When you view a page in your browser, the JavaScript engine runs every script tag, fetches data from APIs, manipulates the DOM, and produces the finished page. A basic HTTP client that simply downloads the raw HTML skips this entire step. For sites built with React, Vue, Angular, or similar frameworks, this means the crawler misses almost all the actual content.

Static HTML vs rendered HTML

AspectStatic HTMLJavaScript-rendered HTML
Content sourceServer sends complete HTMLBrowser executes JS to build DOM
What crawlers seeFull content immediatelyEmpty shell or placeholder
ExamplesTraditional blogs, docs sitesReact, Vue, Angular apps
Crawling requirementStandard HTTP requestJavaScript execution engine
PerformanceFast, low overheadSlower, more memory

Consider a typical React app. The raw HTML might look like this:

<div id="root"></div>
<script src="/app.js"></script>

A crawler without JS rendering sees only the empty div. After rendering, that same div contains the full article, navigation, and footer.

Why JavaScript rendering matters for crawlers

When a crawler fetches a page, it receives the raw HTML from the server. If that HTML contains <script> tags that populate the page, the crawler must execute those scripts to access the actual content. This is critical for:

  • Content extraction - Reading article text, product descriptions, and metadata
  • Link discovery - Finding navigation links that are injected by JavaScript
  • SEO analysis - Checking titles, descriptions, and headings that may be set by JS
  • Single-page applications - Crawling apps where every route is rendered client-side
  • Lazy-loaded content - Images, comments, or related articles that load on scroll
  • Dynamic meta tags - Open Graph tags or canonical URLs set by JavaScript after page load

Search engines like Google can render JavaScript, but their rendering queue has limits.

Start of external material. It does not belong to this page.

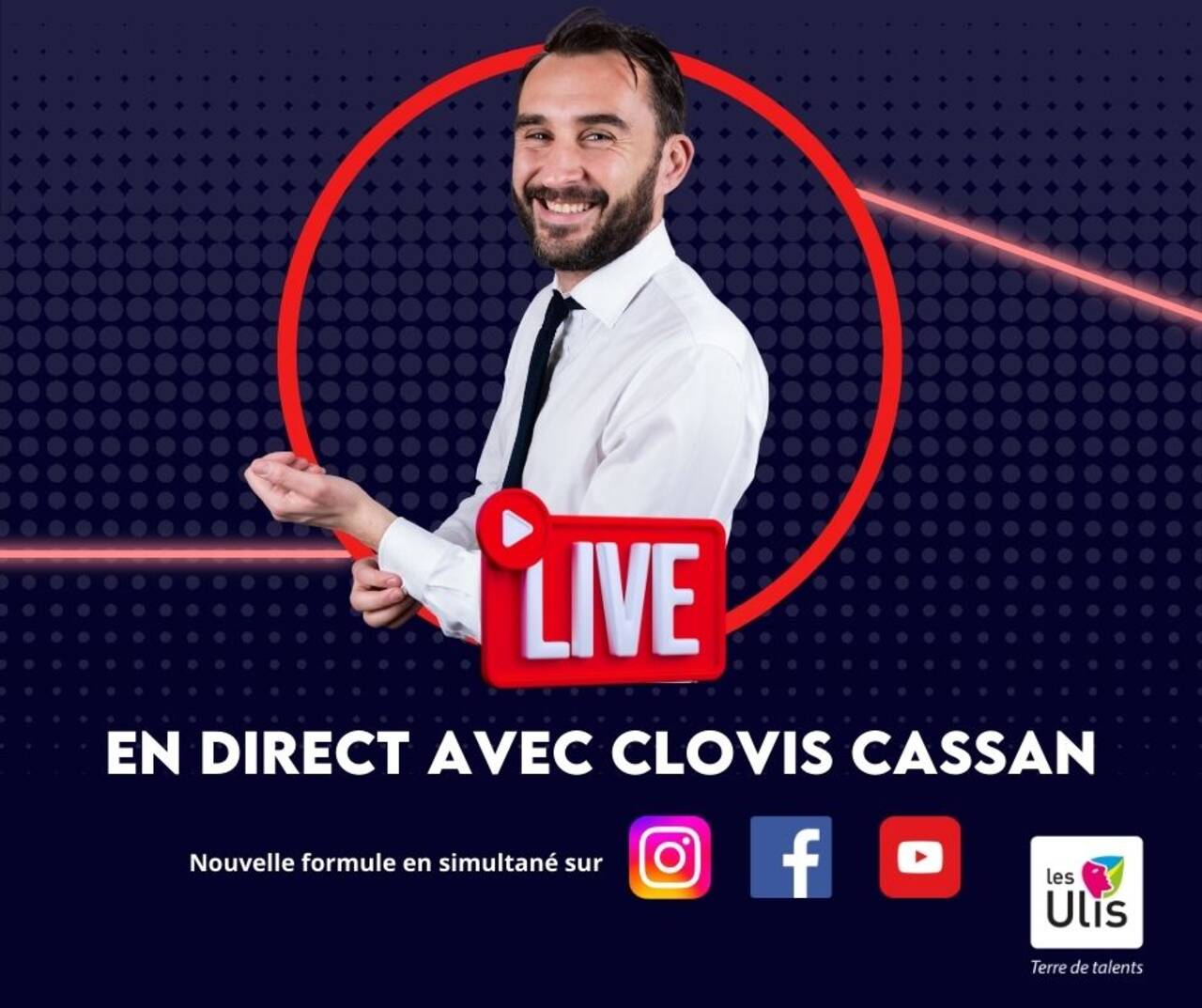 Informations pratiques Dates passées Jeudi 16 octobre 2025 - 19h Sur Facebook, Instagram et YouTube @lesulisofficiel EN DIRECT AVEC CLOVIS CASSAN c'est jeudi, préparez vos questions. Rendez-vous jeudi 16 octobre à 18h30 pour le traditionnel "En direct avec Clovis Cassan"À suivre sur Facebook mais aussi sur Youtube et sur Instagram Localiser Sur Facebook, Instagram et YouTube @lesulisofficiel

A page that relies heavily on JavaScript may be crawled less frequently or with outdated content if the rendering pipeline lags behind the initial crawl.

Approaches to JavaScript rendering

  • Headless browsers - Full Chromium or WebKit engines that run the page like a real browser. These are accurate but resource-intensive. Each page consumes significant memory and CPU.
  • Lightweight JS engines - QuickJS-based renderers that execute JavaScript without the full browser overhead. Faster and lighter, though they may lack some browser APIs.
  • Hybrid approaches - Detecting whether a page needs JS rendering and applying it selectively. This avoids wasting resources on static pages while ensuring dynamic content is captured.
  • Prerendering services - External services that render pages on demand and cache the result. Useful for large sites but add latency and cost.

When you need JavaScript rendering

You need JS rendering if your target site shows any of these characteristics:

  • The raw HTML contains little or no visible text
  • Content loads after an initial spinner or skeleton UI
  • Navigation uses client-side routing without full page reloads
  • Product listings or search results come from API calls
  • Meta tags or canonical URLs are set by JavaScript
  • The site uses a modern frontend framework

You can skip JS rendering if the site serves complete HTML server-side, as most blogs, documentation sites, and traditional CMS-driven pages do.

How crawler.sh handles JavaScript rendering

crawler.sh includes a built-in JavaScript rendering engine based on QuickJS. It executes JavaScript, builds the DOM, and extracts the rendered HTML. The engine implements browser APIs like document.querySelector, window.history, setTimeout, URL, Blob, and FileReader so that most scripts run without modification.

The crawler offers three modes:

  • Auto-detect - The site profiler analyzes the first few pages and enables JS rendering only when needed. It looks for empty body shells, JavaScript framework markers, and script-to-text ratios.
  • Always - JS rendering is applied to every page. Best when you know the entire site requires it.
  • Never - Only the raw HTML is used. Fastest option for static sites.

This selective approach avoids the performance penalty of rendering static pages while ensuring dynamic content is captured. The profiler also sets an appropriate crawl posture for JavaScript-heavy sites, adding extra drain time and retry attempts to handle slower-loading content.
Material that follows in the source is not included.